Top of Recorded data

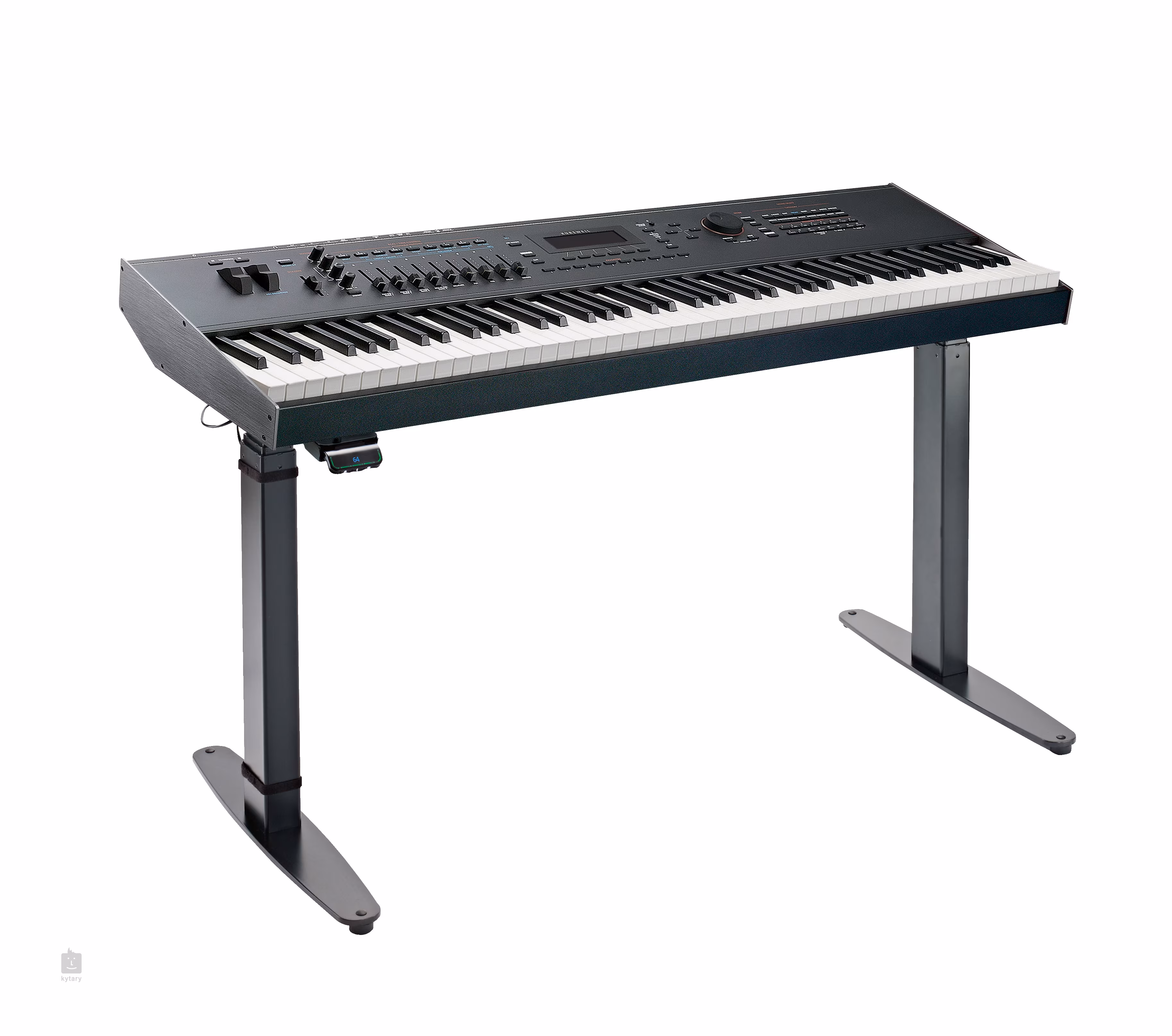 Un support de clavier qui s'ajuste tout seul en hauteur sans votre aide physique ? Oui, c'est exactement ce que peut faire le nouveau K&M Omega-E. Le design du stand est une copie de l'Omega 18810, les développeurs ont ajouté un moteur électrique, qui dispose d'un affichage clair et d'une mémoire intégrée permettant de régler jusqu'a quatre hauteurs différentes. Vous aurez toujours les clés a portée de main a la hauteur souhaitée, que vous soyez debout ou assis sur un tabouret. Vous pouvez également télécharger l'application "Desk Control" sur votre téléphone portable ou votre tablette et utiliser la technologie Bluetooth pour gérer les réglages de votre stand depuis le bar ou l'autre bout de la scene, par exemple. La construction métallique solide assure une stabilité maximale lors du jeu. Le support convient a tout type de clavier.
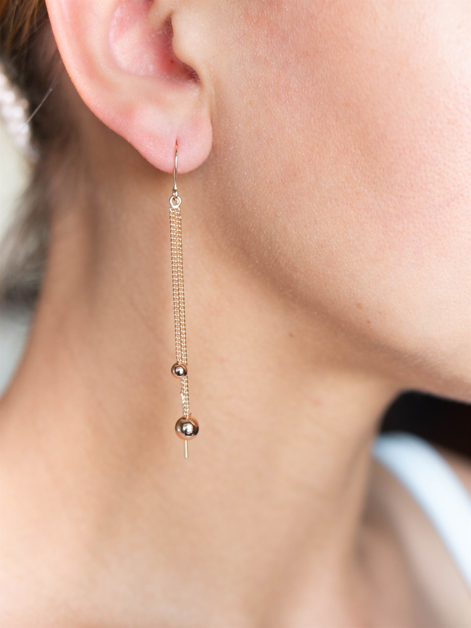 Очаровательные серьги-продевки из дубайского золота с шариками.
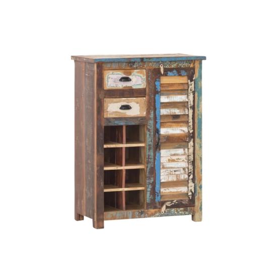 Masivní komoda Wakefield, vyrobená z recyklovaného dřeva, přináší do vašeho obývacího pokoje jedinečný šarm s nádechem barevnosti. Lakovaný povrch dodává této vícebarevné komodě rozměrů 77×42×108 cm nejen ochranu, ale i lesklý, atraktivní vzhled.
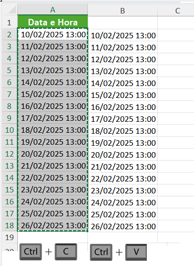 2. Copie os dados (Ctrl + C) e cole-os na coluna ao lado (Ctrl + V).
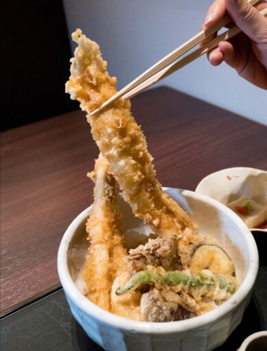 穴子は器に収まるように切って出されることが多いですが、長いまま登場する驚きの品。丼タレは、出汁醤油と天かす、砂糖を煮込んだお店の特製。天かすのエキスが加わり、出汁の効いた上品な味わいです。
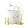 Ceramic Flowerpot Flower Plant Pots Balcony Courtyard Potted Plant Flowerpot with Iron Frame Home Garden Tray
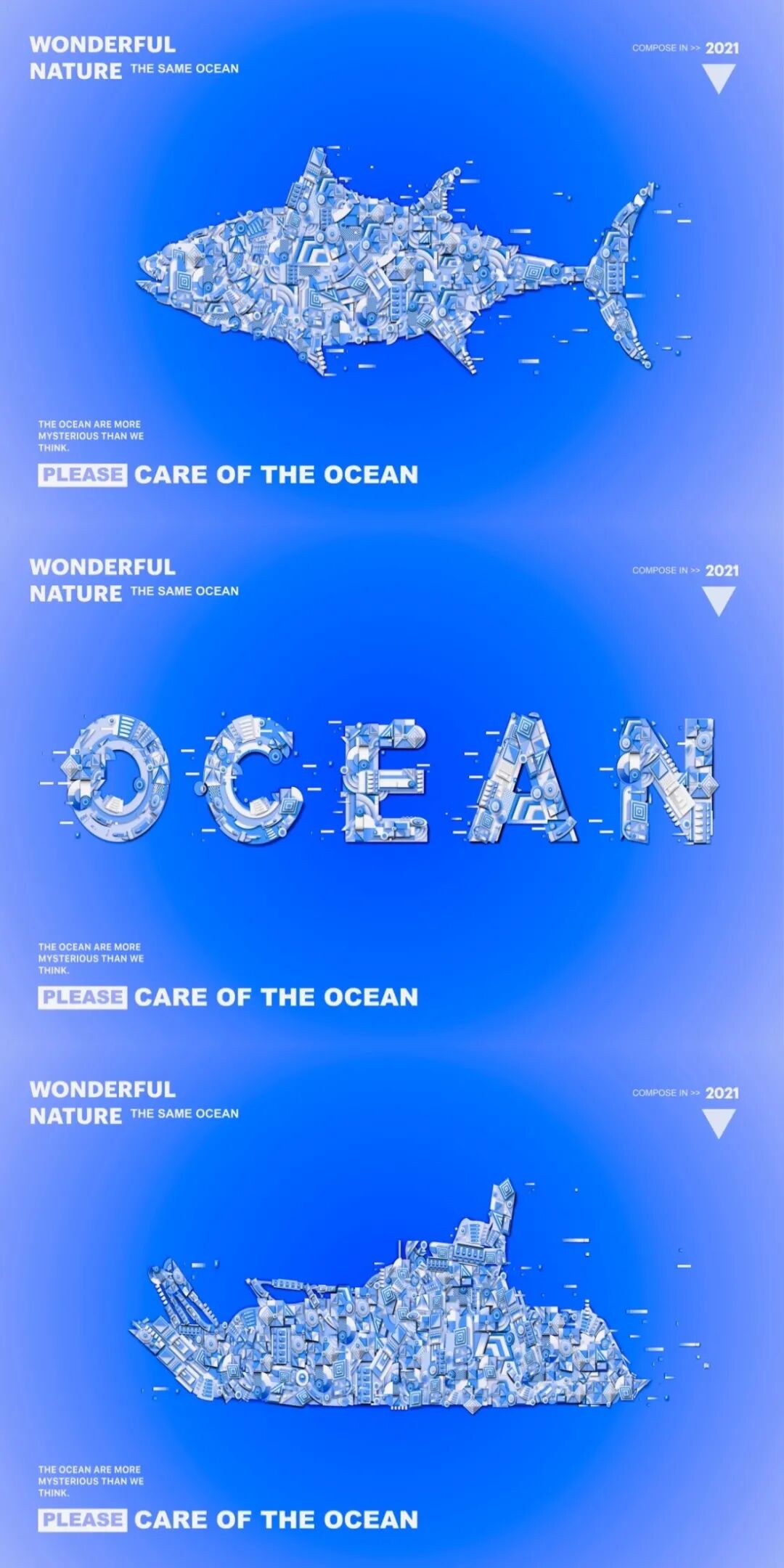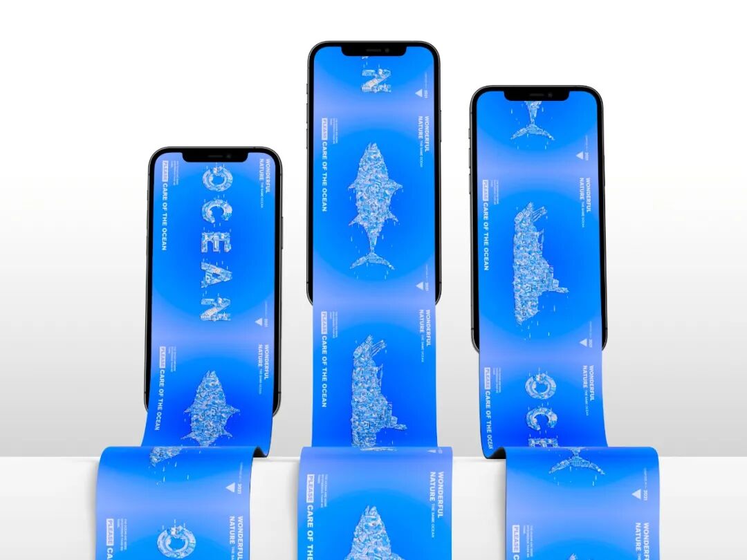 设计说明 | 此海报是作为公益类型的海报,可展示在任意媒介中,路边的广告牌,手机的浏览界面中,杂志书页中,或是随处可见的展示海报架中,在无形中宣传关爱海洋的标语,让人们引起重视和关注经略海洋是当下最热门的话题之一,科技的象征蓝色以及海洋象征的蓝色确定了整套作品系列的主基调带有科技感新锐感和视觉效果.倡导人们需多多关爱海洋的公益主题海报作品。
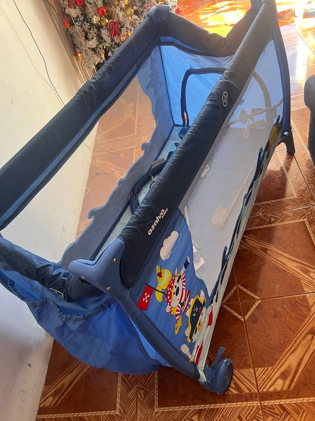 Cuna de viaje de la marca Asalvo, ideal para transportar. - Color azul. - Diseño con personajes. - Ruedas para facilitar el movimiento.
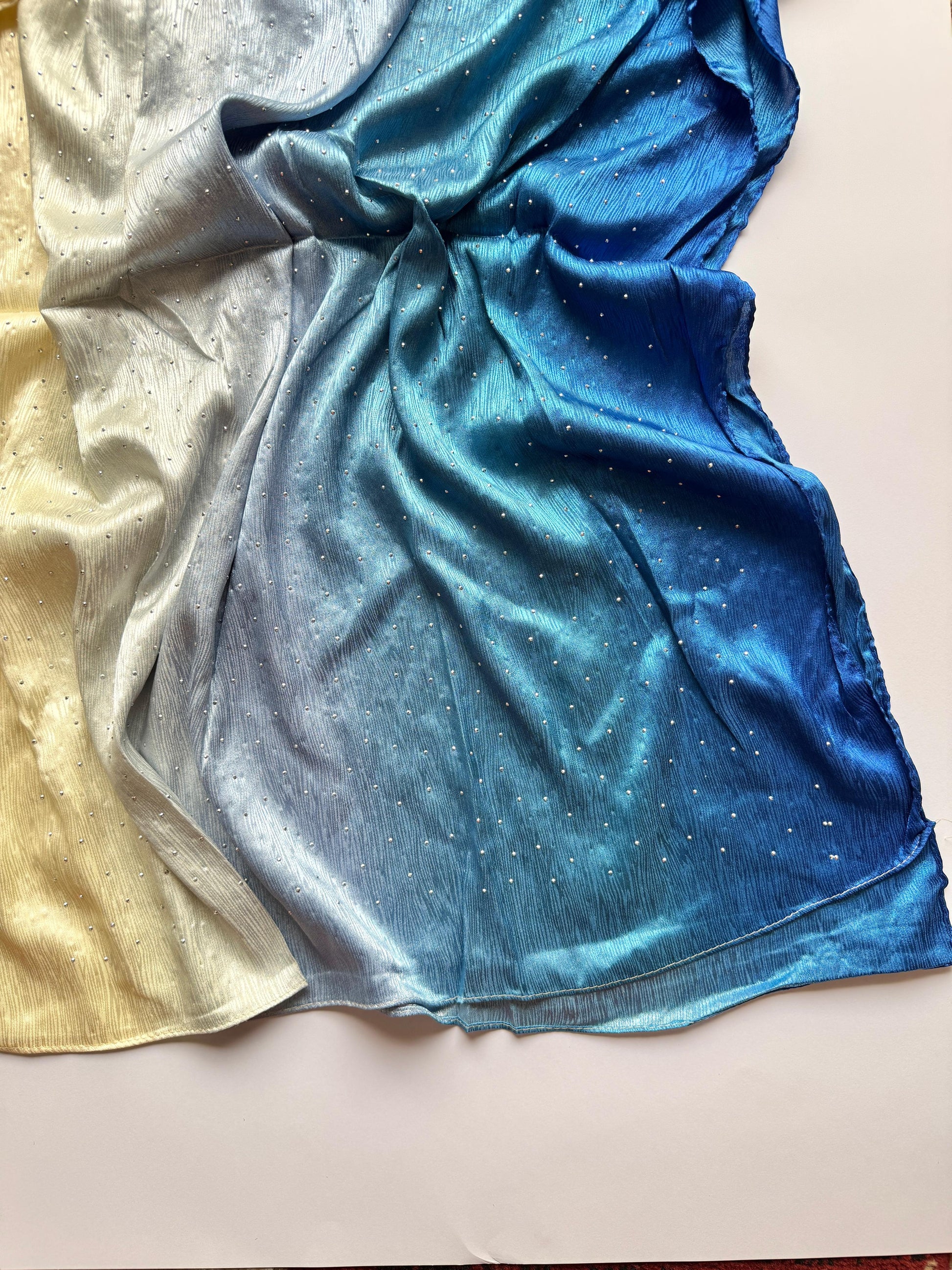 Elevate your style with our luxurious Ombre Silk Satin Hijab. This exquisite piece boasts a delicate self-print and is adorned with shimmering stones. With 18 breathtaking color options to choose from, you'll find the perfect match for any formal event
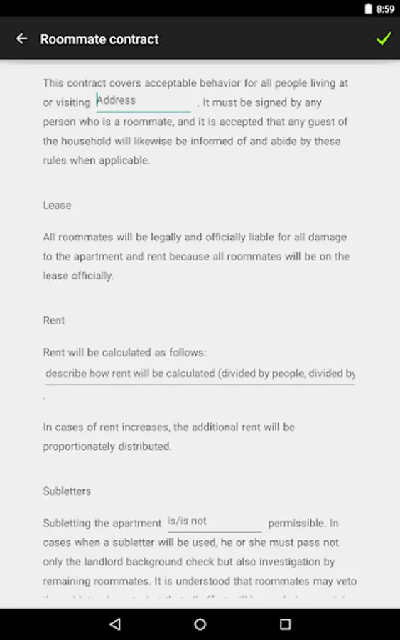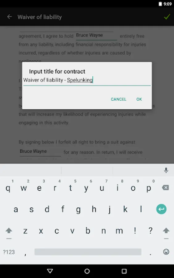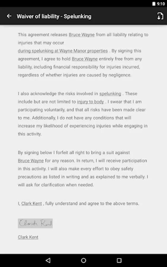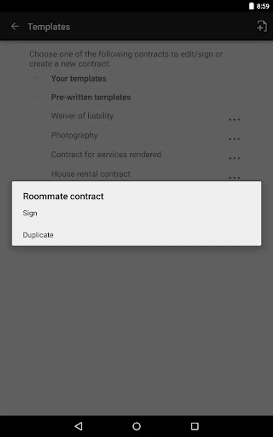 JAM Pact is a simple contract maker application for your Android device. This application allows for simple and quick creation, viewing, and electronic signing of contracts, waivers, and releases. Users are allowed to create or select from previously created templates and alter to their specifications. Once done, simply have the signatory sign using their finger or stylus, and save, with options to send the contract by e-mail, or save to your device as a pdf.
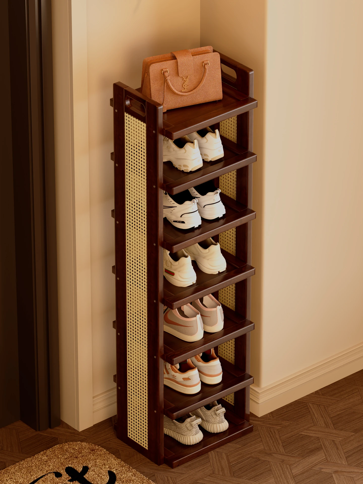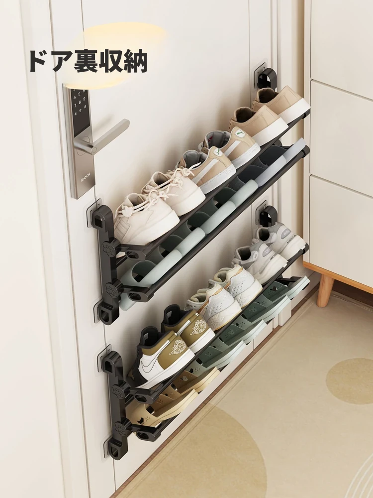 折りたたみシューラック!狭い玄関やドアの後ろにピッタリの収納アイテム。壁掛け式で、宿舎や小スペースでもスッキリ整理。靴をスムーズに収納できる便利な神器です!
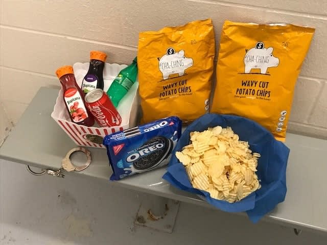 Photos of a holding cell stocked with Oreos, Coca-Cola and Cha-Ching wavy potato chips in a bowl accompanied the post. A pair of handcuffs was casually placed next to the Oreos.
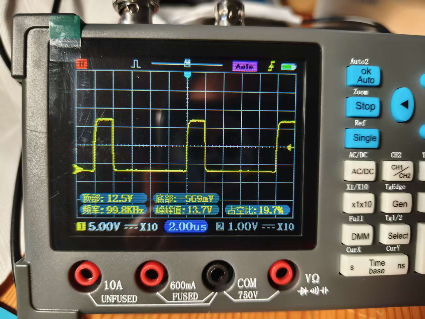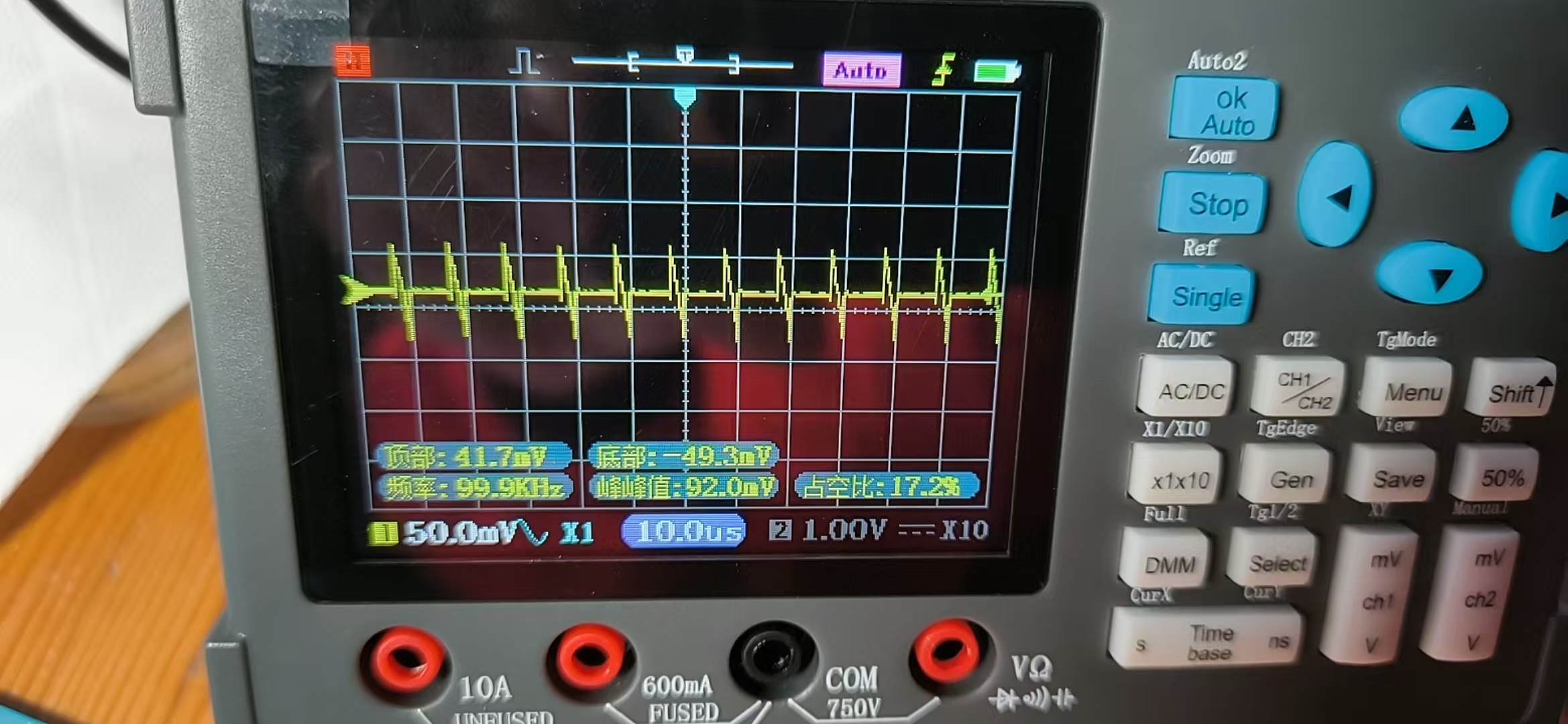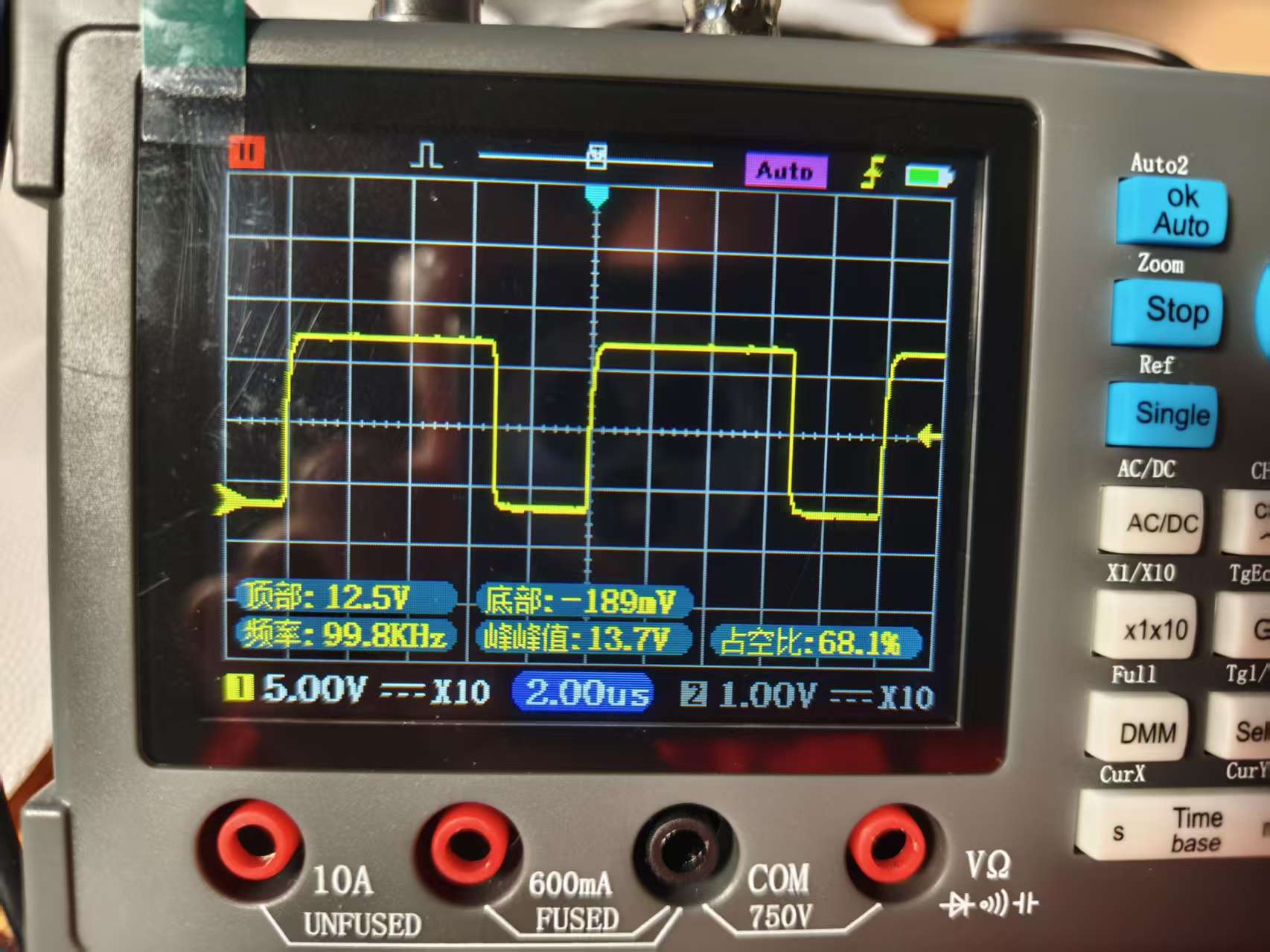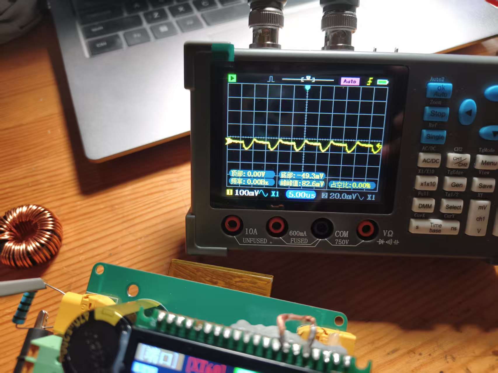 感觉是电容位置的问题,于是又在输出的接头上各并联一个100V-10uf的固态电容,纹波来到了80mV左右,感觉继续加下去也不会有太大改善了,应该换其他容值的,但是手头上没有。

Bottom of Recorded data

Exercise objective ▸ Start at the line containing "JAM Pact is" above and stop at the line containing "Photos of a". Output those lines exactly, both included, but none of the pictures.

Finished task ▸
 JAM Pact is a simple contract maker application for your Android device. This application allows for simple and quick creation, viewing, and electronic signing of contracts, waivers, and releases. Users are allowed to create or select from previously created templates and alter to their specifications. Once done, simply have the signatory sign using their finger or stylus, and save, with options to send the contract by e-mail, or save to your device as a pdf.
 折りたたみシューラック!狭い玄関やドアの後ろにピッタリの収納アイテム。壁掛け式で、宿舎や小スペースでもスッキリ整理。靴をスムーズに収納できる便利な神器です!
 Photos of a holding cell stocked with Oreos, Coca-Cola and Cha-Ching wavy potato chips in a bowl accompanied the post. A pair of handcuffs was casually placed next to the Oreos.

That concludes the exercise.